When receiving e-mails, your e-mail client is already processing data, so there's a good chance that an attacker can gain control of your e-mail program just by sending an e-mail to you - no matter if you actually look at it. The e-mail program will download the e-mail and, for example, display the Subject to you. When you open the e-mail, your e-mail client will likely do even more things, such as parsing the HTML in the e-mail, displaying the contents, displaying images etc. In everything it does (from parsing HTML, to rendering images, to rendering text, to downloading e-mails, to display the Subject), there can be a bug in it.

Opening a suspicious e-mail is only riskier because more stuff is processed when you actually open it.

When you visit a website (such as Gmail) and open an e-mail there, things are vastly different because Gmail is just a website like any other... except it displays e-mails. The issue there is that websites need to take into account that you can't just send the content of the e-mail raw to the browser because then there could be malicious HTML and/or malicious JavaScript in it. Technically this isn't too much different from sites like Wikipedia where users can write articles that contain formatting.

Of course, your browser will also use libraries to render text, process fonts, process images etc. so if there's a bug in an image library and the e-mail contains a malicious image then you're out of luck and it's not Gmail's fault. You can expect that the possible security vulnerabilities with Gmail are the same as the browser's, plus the issue of XSS and other web-specific security vulnerabilities.
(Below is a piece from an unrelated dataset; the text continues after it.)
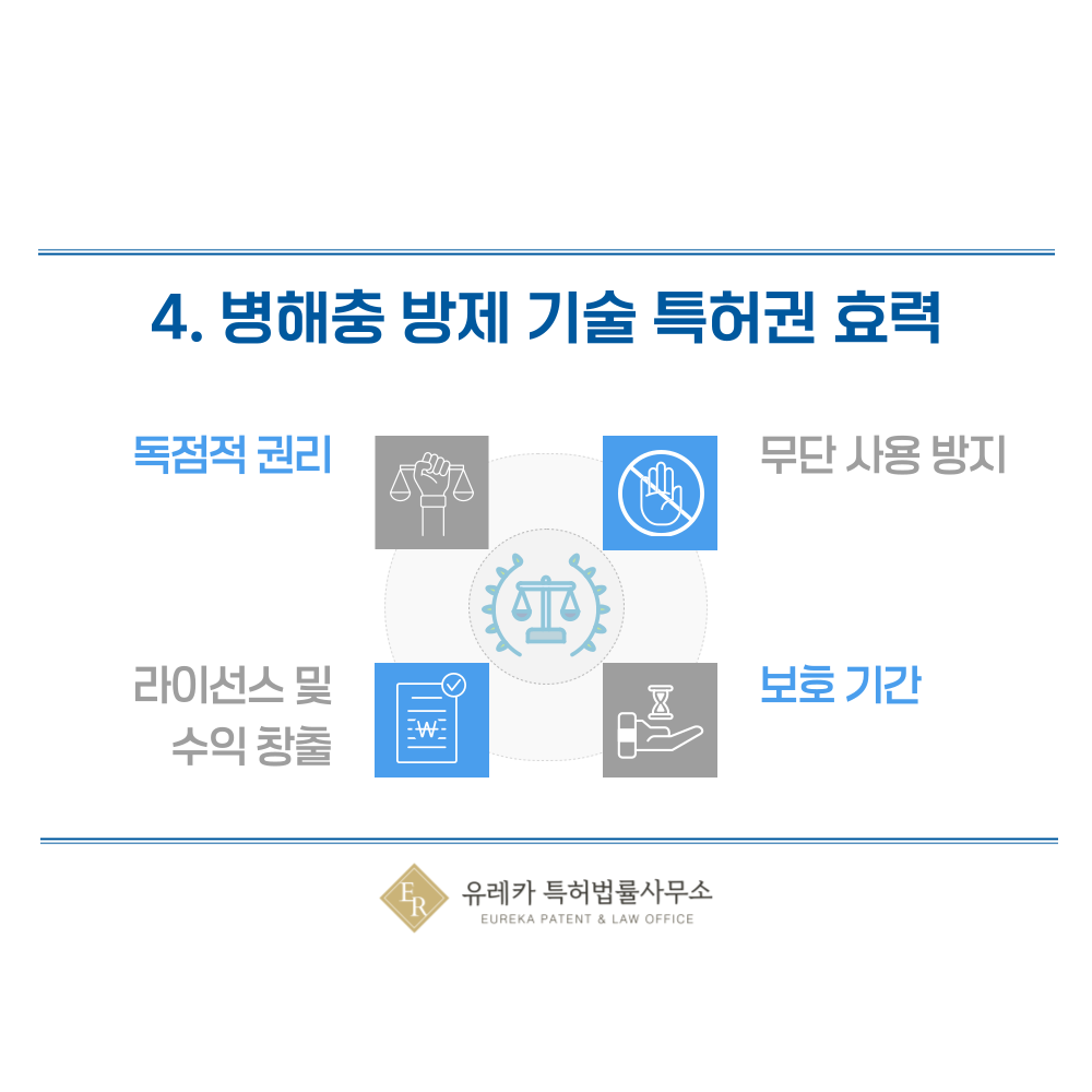 식물보호, 방제 기술, 농약, 트랩, 구제 장치와 같은 발명이 특허로 등록되면 권리자는 그 기술에 대해 독점적 권리를 갖게 됩니다.
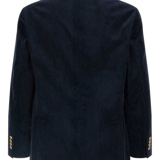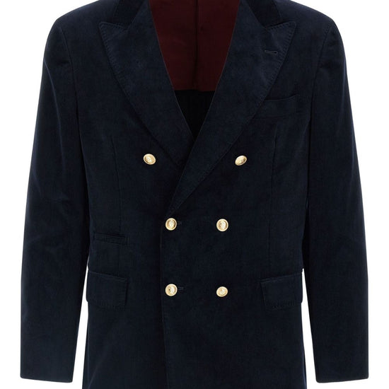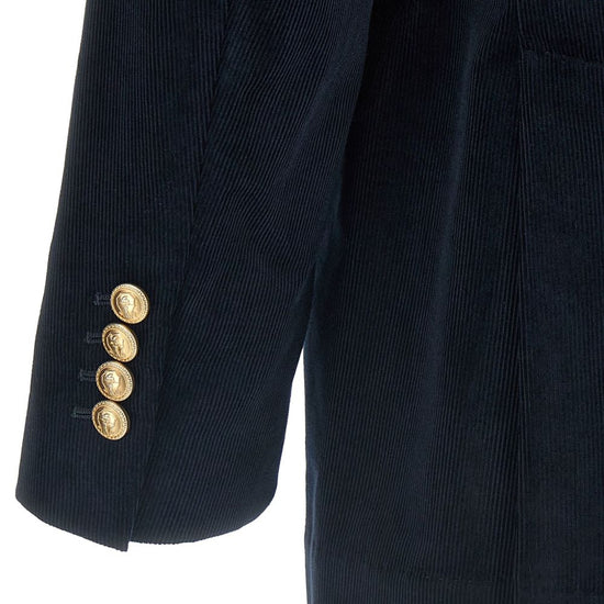 Blue corduroy metal buttons peak lapels flap pockets cotton double-breasted jacket

This is also the reason why you'll get infected with stuff even when you don't visit any suspicious sites (and people usually mean porn, streaming, warez sites by that) is because even non-suspicious sites serve ads from different networks, so if an attacker infects an ad network somehow even the non-suspicious sites will serve you malware. Technically it's insecure to use third-party content you don't control. Think about what happens when an attacker manages to control a CDN that serves jquery or bootstrap or whatever, where thousands of sites are using it. Then all these sites will contain malicious javascript. To prevent that from happening there's SRI but I don't know how well supported that is as of now.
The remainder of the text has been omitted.